(DATA SEGMENT):
——————————
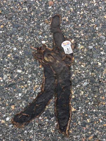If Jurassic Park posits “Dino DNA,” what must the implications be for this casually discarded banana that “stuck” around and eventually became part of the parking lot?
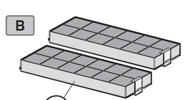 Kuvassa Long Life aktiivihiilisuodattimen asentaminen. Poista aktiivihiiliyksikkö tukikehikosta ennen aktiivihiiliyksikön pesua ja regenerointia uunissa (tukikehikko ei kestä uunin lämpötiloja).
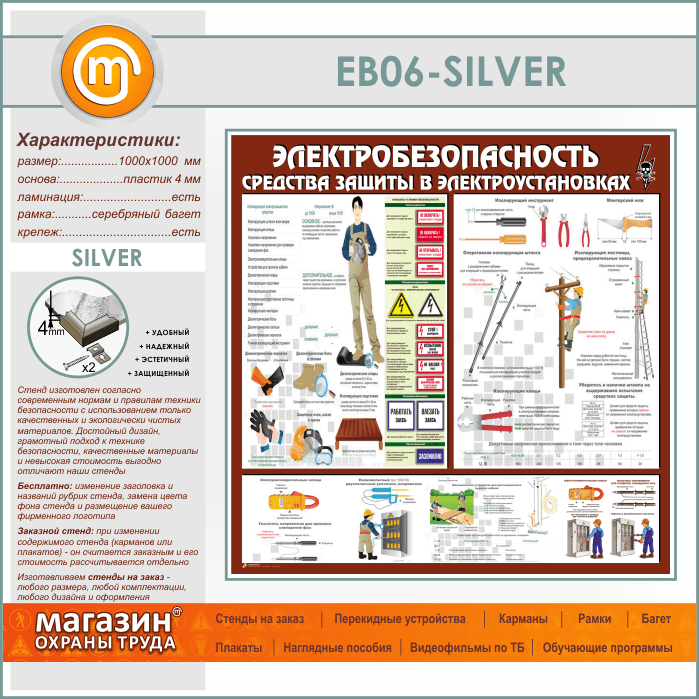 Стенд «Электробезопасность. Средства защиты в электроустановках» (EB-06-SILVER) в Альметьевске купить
——————————
(TASK STATEMENT): Every line above should be output exactly, except for the pictures.

(WRITTEN SOLUTION):
If Jurassic Park posits “Dino DNA,” what must the implications be for this casually discarded banana that “stuck” around and eventually became part of the parking lot?
 Kuvassa Long Life aktiivihiilisuodattimen asentaminen. Poista aktiivihiiliyksikkö tukikehikosta ennen aktiivihiiliyksikön pesua ja regenerointia uunissa (tukikehikko ei kestä uunin lämpötiloja).
 Стенд «Электробезопасность. Средства защиты в электроустановках» (EB-06-SILVER) в Альметьевске купить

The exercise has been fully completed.